* WORK TO BE COMPLETED:
Below are entries. Give back exactly the lines from the one containing "Hoy 27 de febrero" through the one containing "A keleti kultúrákból", inclusive, without the pictures.

* AVAILABLE RECORDS:
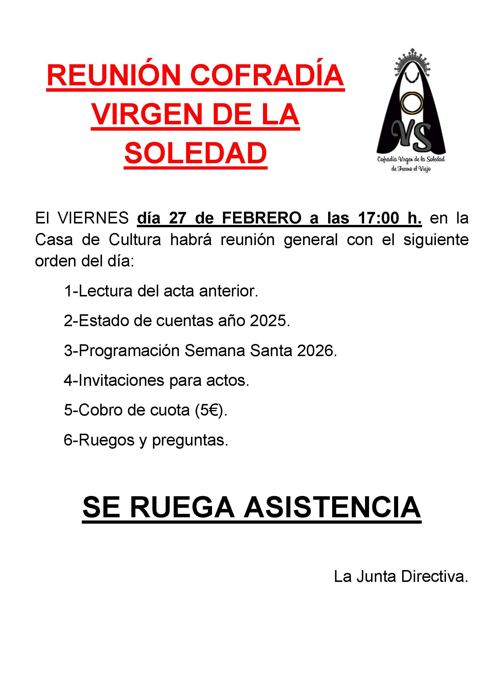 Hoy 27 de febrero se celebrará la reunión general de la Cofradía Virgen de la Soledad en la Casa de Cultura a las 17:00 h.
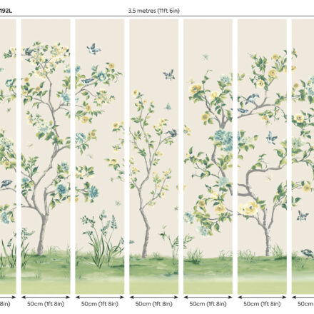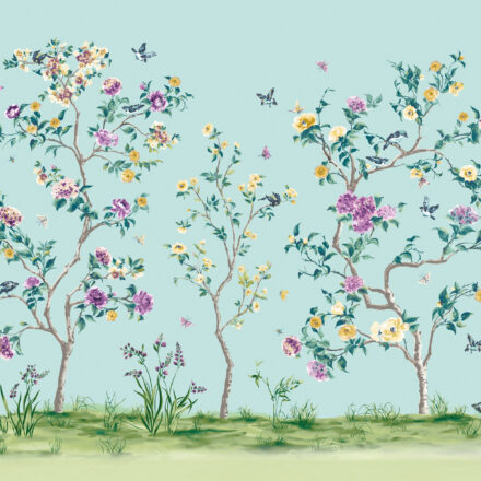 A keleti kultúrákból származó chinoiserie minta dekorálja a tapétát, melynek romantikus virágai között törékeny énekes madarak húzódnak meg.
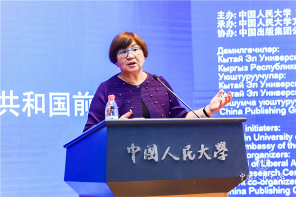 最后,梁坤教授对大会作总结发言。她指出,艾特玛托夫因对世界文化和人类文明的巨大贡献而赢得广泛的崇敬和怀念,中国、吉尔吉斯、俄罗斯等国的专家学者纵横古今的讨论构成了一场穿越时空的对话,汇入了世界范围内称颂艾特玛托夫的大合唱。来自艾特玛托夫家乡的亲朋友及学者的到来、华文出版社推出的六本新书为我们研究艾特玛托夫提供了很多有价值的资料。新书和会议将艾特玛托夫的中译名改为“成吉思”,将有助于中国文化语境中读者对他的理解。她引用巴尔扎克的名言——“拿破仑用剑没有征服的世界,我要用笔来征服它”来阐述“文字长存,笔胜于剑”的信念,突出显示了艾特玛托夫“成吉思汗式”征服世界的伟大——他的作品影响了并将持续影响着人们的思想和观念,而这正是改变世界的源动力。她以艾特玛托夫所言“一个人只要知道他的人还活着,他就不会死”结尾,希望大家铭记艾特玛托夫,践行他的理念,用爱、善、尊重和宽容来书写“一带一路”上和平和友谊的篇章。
* * *
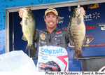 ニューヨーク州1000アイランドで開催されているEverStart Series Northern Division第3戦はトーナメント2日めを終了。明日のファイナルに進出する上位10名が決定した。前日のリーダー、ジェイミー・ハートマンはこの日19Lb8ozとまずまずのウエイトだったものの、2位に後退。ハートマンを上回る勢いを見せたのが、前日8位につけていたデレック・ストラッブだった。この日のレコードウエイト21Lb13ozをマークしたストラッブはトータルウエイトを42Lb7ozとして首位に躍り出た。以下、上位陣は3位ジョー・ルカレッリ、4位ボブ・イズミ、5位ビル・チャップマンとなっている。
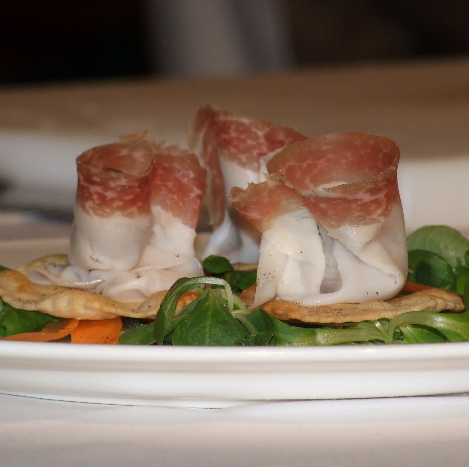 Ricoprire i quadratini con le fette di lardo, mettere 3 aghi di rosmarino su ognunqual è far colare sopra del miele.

* RESULT FOR THIS EXERCISE:
 Hoy 27 de febrero se celebrará la reunión general de la Cofradía Virgen de la Soledad en la Casa de Cultura a las 17:00 h.
 A keleti kultúrákból származó chinoiserie minta dekorálja a tapétát, melynek romantikus virágai között törékeny énekes madarak húzódnak meg.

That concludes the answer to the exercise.